Toh Yukimatsu, Wu Ling, Tu Jianghua, Liang Zhengdong, Aldana Adela M, Wen Jake J, Li Li, Pan Sheng, Rowe Julie H, Hensel Martha E, Hodo Carolyn L, Finch Rick A, Carmon Kendra S, Liu Qingyun J
Center for Translational Cancer Research, Brown Foundation Institute of Molecular Medicine, McGovern Medical School, University of Texas Health Science Center at Houston, Houston, TX, USA.
Department of Internal Medicine, McGovern Medical School, University of Texas Health Science Center at Houston, Houston, TX, USA.
Br J Cancer. 2025 Aug 18. doi: 10.1038/s41416-025-03121-2.
Antibody-drug conjugates (ADCs) are a significant advancement in targeted cancer therapy, but none are approved for colorectal cancer (CRC). LGR4/5/6, highly expressed in most CRCs, are promising targets. While LGR5-targeting ADCs show strong anti-tumor effects, their efficacy is limited by LGR5 loss in some CRC cells. RSPO4, a natural ligand for LGR4/5/6, binds all three receptors with high affinity. This research develops RSPO4-based peptibody drug-conjugates (PDCs) to simultaneously target LGR4/5/6, offering a novel therapeutic approach for CRC.
LGR4/5/6 expression in CRCs was analysed using RNA-seq datasets and Western blot. Peptibody binding affinities were measured, conjugated to camptothecin analog, CPT2, and tested for cytotoxicity in CRC cell lines. Antitumor efficacy was evaluated in vivo using CRC cell line and patient-derived xenograft (PDX) models.
Peptibody was engineered by fusing a mutant RSPO4 furin-domain to human IgG1 Fc, retaining high-affinity LGR4/5/6 binding without enhancing Wnt/β-catenin signalling. Conjugated with CPT2 molecules, the PDC showed strong antitumor activity in CRC cell lines and dose-dependent tumor growth inhibition in xenograft and patient-derived models.

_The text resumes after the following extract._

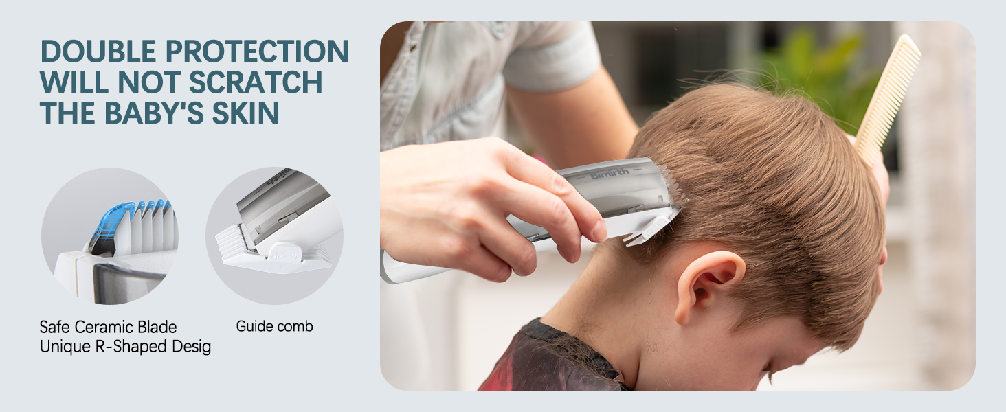 - 【Diseño de dientes en "R"】 Cuchilla de cerámica con un exclusivo diseño de bisel en forma de R que no raya la piel del bebé ni tira del cabello.

Preclinical data showed that LGR4/5/6-targeting PDC exhibited potent cytotoxicity in vitro and robust antitumor efficacy in CRC xenograft and PDX models, making its potential as a promising therapeutic approach for CRC.

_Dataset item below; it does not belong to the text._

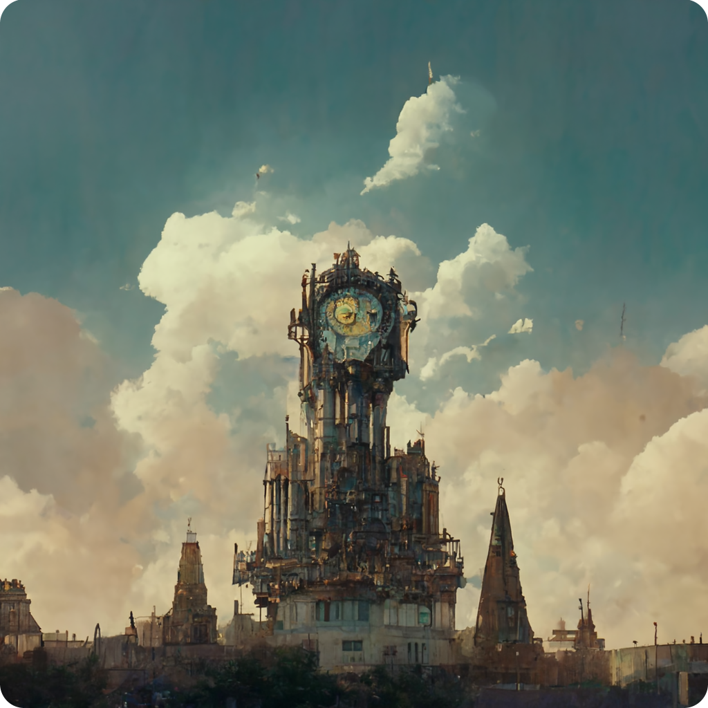 The central clocktower of Ceilidh The mechanisms of Ceilidh's infrastructure can be overwhelming to first time visitors, but after a few days in the city this disorientation fades. There is a stationary center in which the government and civic service structures reside. This center point of the city is also the highest point in the city, and the main tower in the very center is the tallest tower in the city. Around this stationary center are five rings. Each ring moves around the center, either clockwise or counter clockwise. Each ring moves in the opposite direction of each of its neighbors. Each ring is slightly higher than the next ring, the highest ring in the middle and the lowest ring on the edge. Outside the last ring is a stationary wall and, on the ocean side, the ports

抗体药物偶联物(ADC)是靶向癌症治疗的一项重大进展,但尚无获批用于结直肠癌(CRC)的产品。LGR4/5/6在大多数CRC中高表达,是很有前景的靶点。虽然靶向LGR5的ADC显示出强大的抗肿瘤作用,但其疗效受到一些CRC细胞中LGR5缺失的限制。RSPO4是LGR4/5/6的天然配体,能与所有三种受体高亲和力结合。本研究开发了基于RSPO4的肽抗体药物偶联物(PDC)以同时靶向LGR4/5/6,为CRC提供了一种新的治疗方法。
使用RNA测序数据集和蛋白质免疫印迹分析CRC中LGR4/5/6的表达情况。测定肽抗体的结合亲和力,将其与喜树碱类似物CPT2偶联,并在CRC细胞系中测试细胞毒性。使用CRC细胞系和患者来源的异种移植(PDX)模型在体内评估抗肿瘤疗效。

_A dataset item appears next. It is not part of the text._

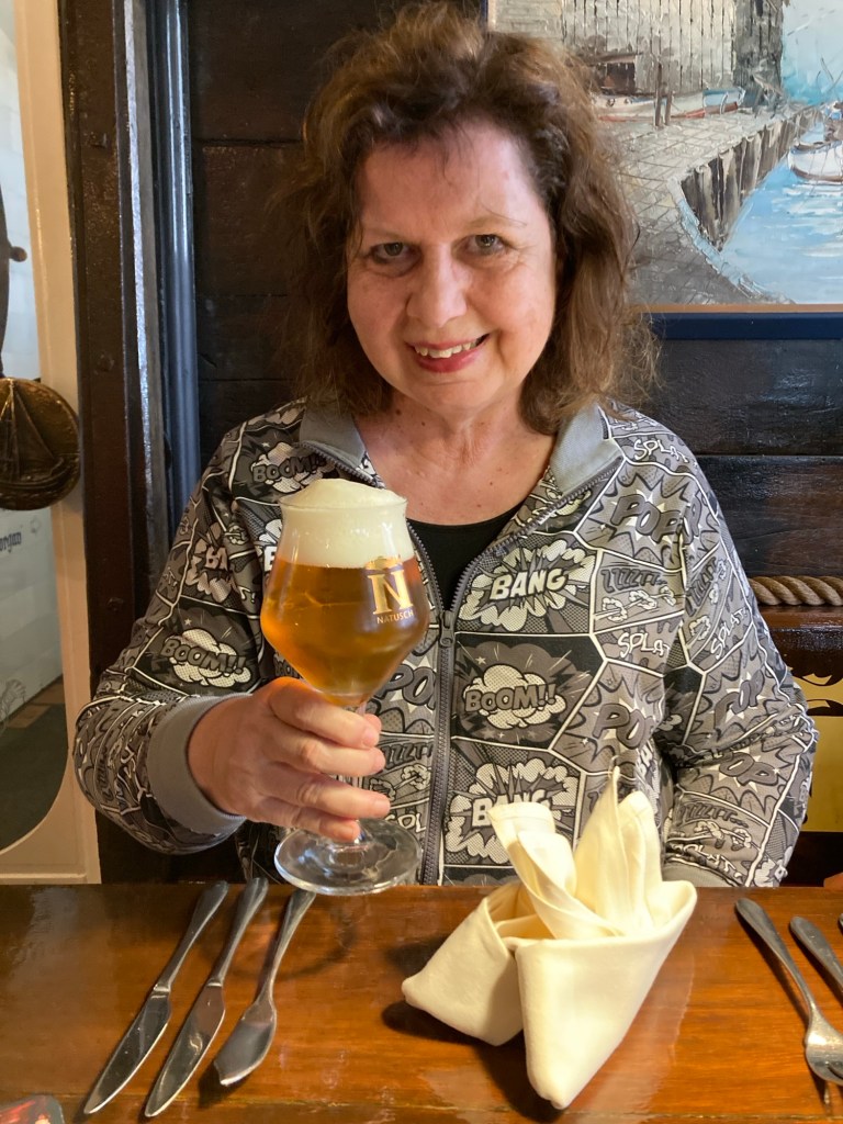 Ich trinke ein Auswandererbier und die Serviette ist wie ein Schiff gefaltet.

通过将突变的RSPO4弗林蛋白酶结构域与人IgG1 Fc融合构建肽抗体,并保留了对LGR4/5/6的高亲和力结合,且不增强Wnt/β-连环蛋白信号传导。与CPT2分子偶联后,PDC在CRC细胞系中显示出强大的抗肿瘤活性,并在异种移植和患者来源模型中呈现剂量依赖性的肿瘤生长抑制作用。
临床前数据表明,靶向LGR4/5/6的PDC在体外表现出强大的细胞毒性,在CRC异种移植和PDX模型中具有强大的抗肿瘤疗效使其有望成为CRC的一种有前景的治疗方法。